Both have struggled with the idea of sharing data, and “they have both been in closed boxes with their own experts,” he said. A next step will be opening those closed-off boxes to additional expertise.
“The next phase will be for us training people to work on geophysics, but these people may have a background in machine learning, or data analytics or AI,” instead of geoscience, he predicted.
In the GEO 2020 session, AlRegib will be joined by speakers Malleswar Yenugu, director of data analytics for IHS Markit, and Gabriel Guerra, general manager for Shell.
The conference, coordinated by AAPG, EAGE and the Society of Exploration Geophysicists, will include numerous presentations on computing applications for the oil industry, addressing topics from neural networks to fuzzy logic. That points up the importance of computing and analytics in the industry today.
“I want to talk about benchmarking. I want to talk about the paradigms of machine learning. And then, how all of this works together,” AlRegib said.
The oil industry’s recent shift to a more current and more flexible mentality toward computing applications has given him new hope, though he said the industry still has a long way to go.

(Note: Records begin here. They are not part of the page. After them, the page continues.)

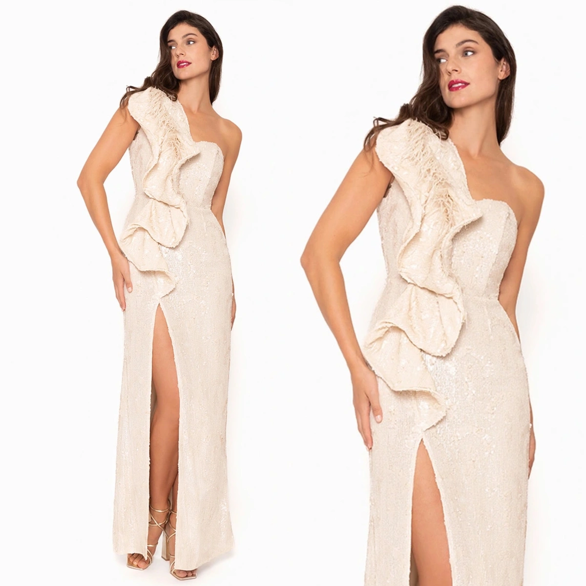 Vestido largo de corte elegante con diseño de hombros descubiertos ...
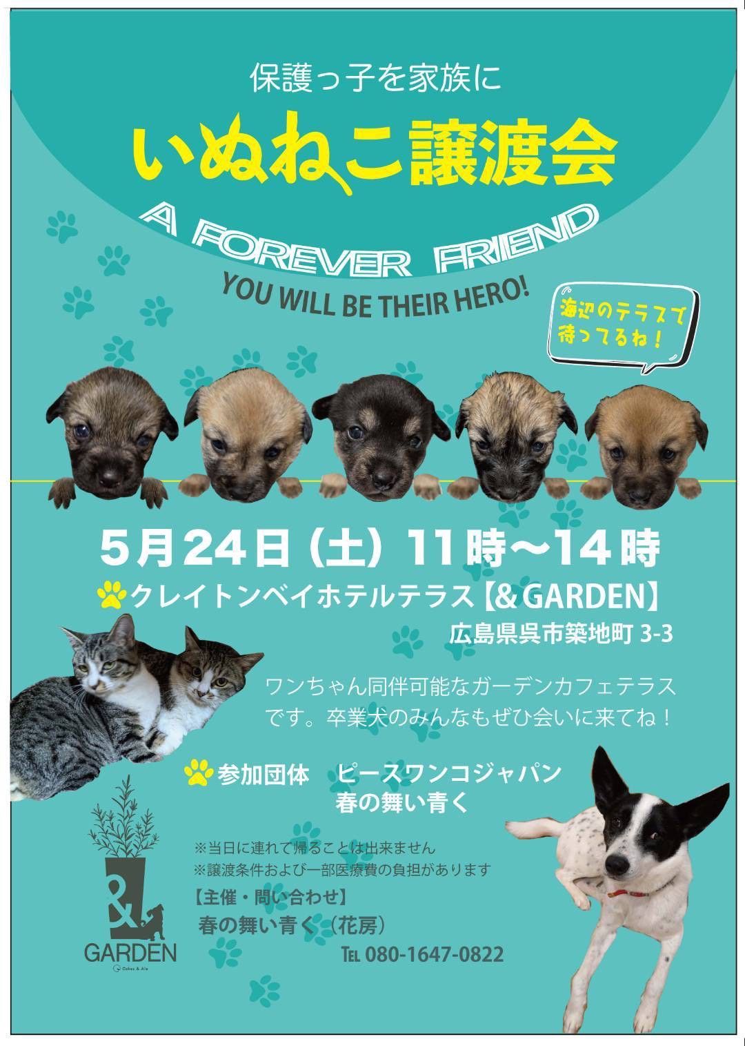 クレイトンベイホテルのテラスで開催される「いぬねこ譲渡会」に、ピースワンコの保護犬たちも参加せていただきます。
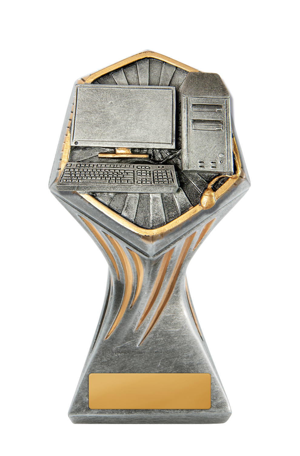 Showcasing a striking hexagonal top and crafted from quality resin, this technology award trophy is designed to honour achievement in the digital arena. The sleek silver and gold tones highlight a detailed computer setup, complete with monitor, keyboard, and CPU elements. Ideal for recognising excellence in technology, this award offers a memorable and professional presentation.

“I’m more optimistic now than I would have been if you’d asked me two years ago,” he said.
The GEO 2020 conference and exhibition, previously scheduled for March 16-19 in Bahrain, has been postponed until Sept. 14-17, 2020. Although, having spoken to the authorities, the organizers are satisfied that the COVID 19 (Coronavirus) outbreak was intercepted and under very competent control, they are also mindful that many within our industry are currently facing difficulties traveling around the world.